> Try it
Write exactly the lines running from the start of the material below to the line that includes "停電識別時:采用直連輸出脈沖", and include no pictures.

BEGIN Available records

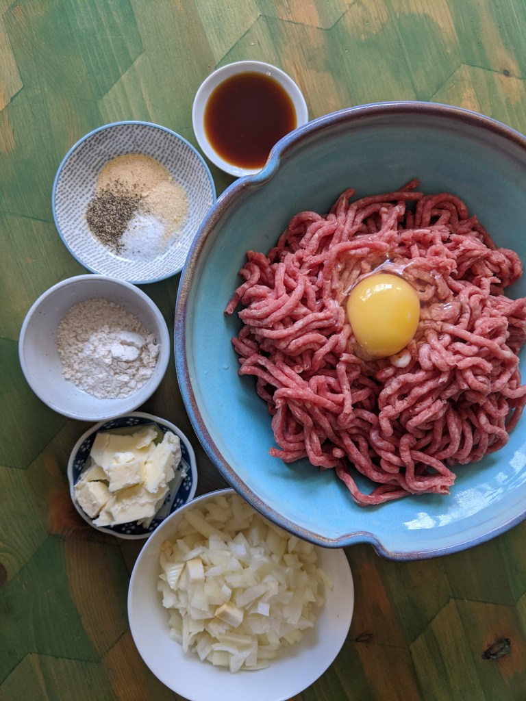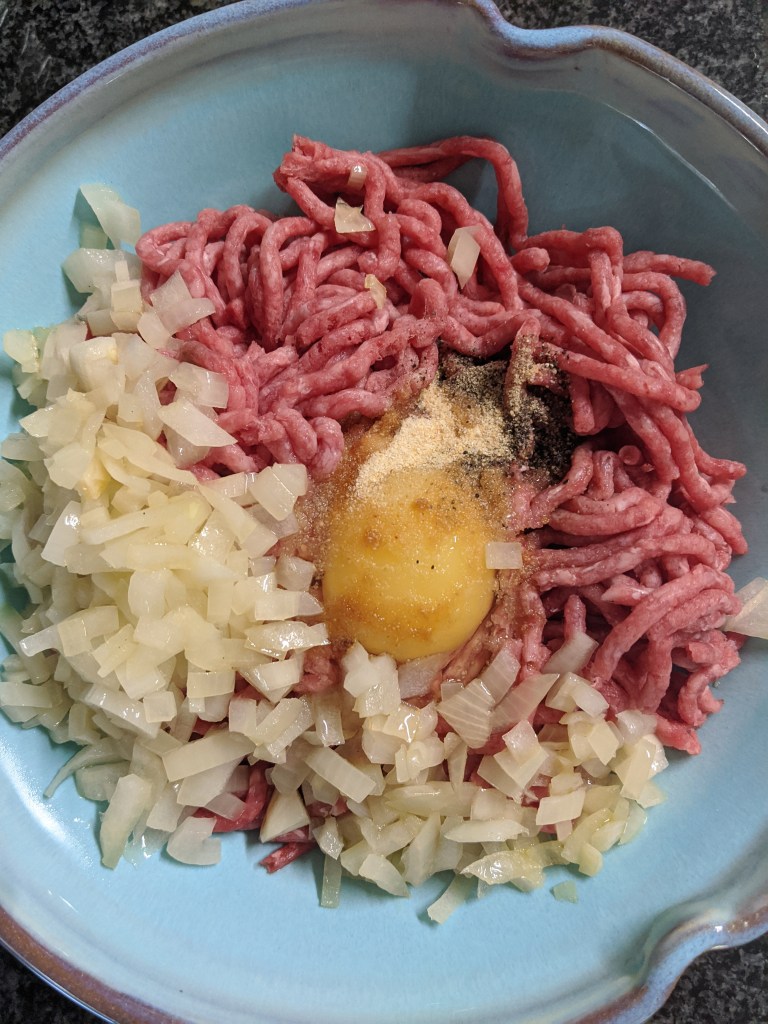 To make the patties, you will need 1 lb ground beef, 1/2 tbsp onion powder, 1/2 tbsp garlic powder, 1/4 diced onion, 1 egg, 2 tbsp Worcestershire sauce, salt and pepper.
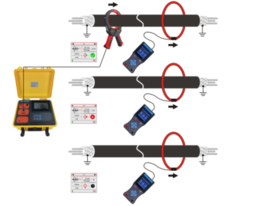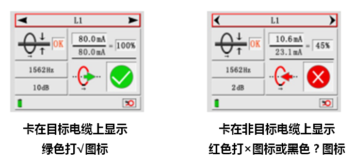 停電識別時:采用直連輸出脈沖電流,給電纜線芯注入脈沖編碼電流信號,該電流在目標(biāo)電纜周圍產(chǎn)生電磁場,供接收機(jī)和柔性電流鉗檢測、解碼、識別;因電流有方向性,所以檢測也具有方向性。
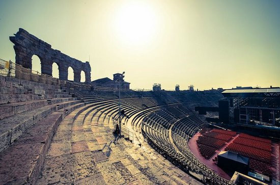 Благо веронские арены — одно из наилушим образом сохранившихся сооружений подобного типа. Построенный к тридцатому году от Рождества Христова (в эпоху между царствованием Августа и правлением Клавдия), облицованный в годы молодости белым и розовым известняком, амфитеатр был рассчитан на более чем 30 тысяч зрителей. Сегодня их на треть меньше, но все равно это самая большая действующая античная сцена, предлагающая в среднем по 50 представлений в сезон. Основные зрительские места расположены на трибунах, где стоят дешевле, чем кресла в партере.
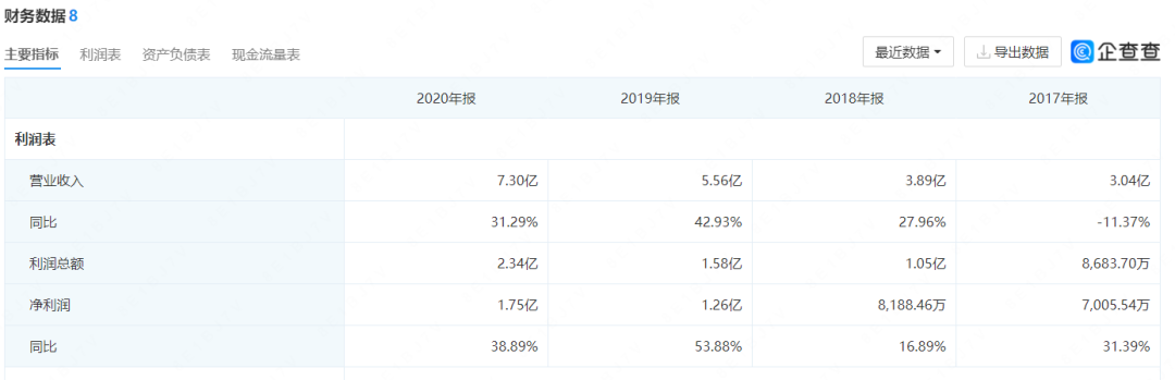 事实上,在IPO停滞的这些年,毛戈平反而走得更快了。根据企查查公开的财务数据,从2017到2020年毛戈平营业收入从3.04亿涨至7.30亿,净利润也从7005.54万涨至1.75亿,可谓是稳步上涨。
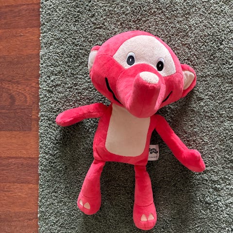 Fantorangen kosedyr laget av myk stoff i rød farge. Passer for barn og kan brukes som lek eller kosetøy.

END Available records

> Response to this task
 To make the patties, you will need 1 lb ground beef, 1/2 tbsp onion powder, 1/2 tbsp garlic powder, 1/4 diced onion, 1 egg, 2 tbsp Worcestershire sauce, salt and pepper.
 停電識別時:采用直連輸出脈沖電流,給電纜線芯注入脈沖編碼電流信號,該電流在目標(biāo)電纜周圍產(chǎn)生電磁場,供接收機(jī)和柔性電流鉗檢測、解碼、識別;因電流有方向性,所以檢測也具有方向性。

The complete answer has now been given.